GPU tasks runtime comparison

Questions and Answers : Issue Discussion : GPU tasks runtime comparison
Message board moderation

To post messages, you must log in.

AuthorMessage
bozz4science

Send message
Joined: 9 Jul 20
Posts: 142
Credit: 11,533,376
RAC: 487
Message 819 - Posted: 12 Nov 2020, 14:58:53 UTC
Last modified: 12 Nov 2020, 15:01:29 UTC

As the other thread was getting cluttered with posts about runtime comparisons of those tasks that actually didn't fail, I thought it would be great to share them in a dedicated thread. Let me share my experiences so far.
My system: https://www.mlcathome.org/mlcathome/show_host_detail.php?hostid=574
- CPU: Xeon X5660 @95W TDP
- GPU: GTX 750Ti@60W TDP
- OC setting: +120 MHz core + mem (1360 MHz core / 2820 MHz mem)
- OS: Win 10 (Dual Boot with Linux 20.04 LTS) --> gonna try this soon

In the wattage estimations, I forgot to include the power of the dedicated CPU thread(s).

1 GPU / 1 thread + 5 threads CPU tasks (MLC):
ø runtime: 1,250 sec
ø compute load (GPU): 65%
ø power load (GPU): 48%
Wattage per task: 10W (GPU) + 5.5W (CPU) = 15.5W (total)

1 GPU / 2 threads + 4 threads CPU tasks (MLC)
--> just one thread loaded for GPU task
ø runtime: 1,100 sec
ø compute load (GPU): 85%
ø power load (GPU): 58%
Wattage per task: 10.6W (GPU) + 4.8W (CPU) = 15.4W (total)

1 GPU / 2 threads + 4 threads CPU tasks (TNGrid)
--> just one thread loaded for GPU task
ø runtime: 1,030 sec
ø compute load (GPU): 85%
ø power load (GPU): 58%
Wattage per task: 9.95W (GPU) + 4.5W (CPU) = 14.5W (total)

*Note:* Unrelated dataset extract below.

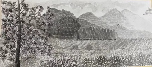 在尚老师的细心指导下我对水墨的理解更加进益,大局观、墨分五色、石分三面、山的画法、物与物的关系……让我看到更多国画的魅力与深奥,情不自禁的为之着迷。同学们也互相打成一片,熟悉了起来,也在我困难的时候帮助我,在我犯错时包容我,谢谢亲爱的同学们。

1 GPU / 2 threads + 4 threads CPU tasks (TNGrid)
--> just one thread loaded for GPU task
ø runtime: 1,000 sec
ø compute load (GPU): 85%
ø power load (GPU): 62%
OC setting: aggressive +150 MHz core and mem vs. 120 MHz prior
Wattage per task: 10.35W (GPU) + 4.4W (CPU) = 14.75W (total)

0.5 GPU / 1 threads + 0.5 GPU / 1 thread (F@H GPU task) + 3 threads CPU tasks (TNGrid)
ø runtime: 1,550 sec
ø compute load (GPU): 99%
ø power load (GPU): 70%
Wattage per task not very intuitive: 16.8W (GPU combined) + 6.8W (CPU combined) = 23.6 W (total combined) (As the runtime vs. the normal 1 GPU/2 thread scenario is roughly 155% and the runtime of the same project F@H WU are between 2.5-3.0x times longer, I estimate that the GPU compute load distribution between MLC and F@H is roughly 65:35% and thus I get 15.35W for the MLC GPU WU)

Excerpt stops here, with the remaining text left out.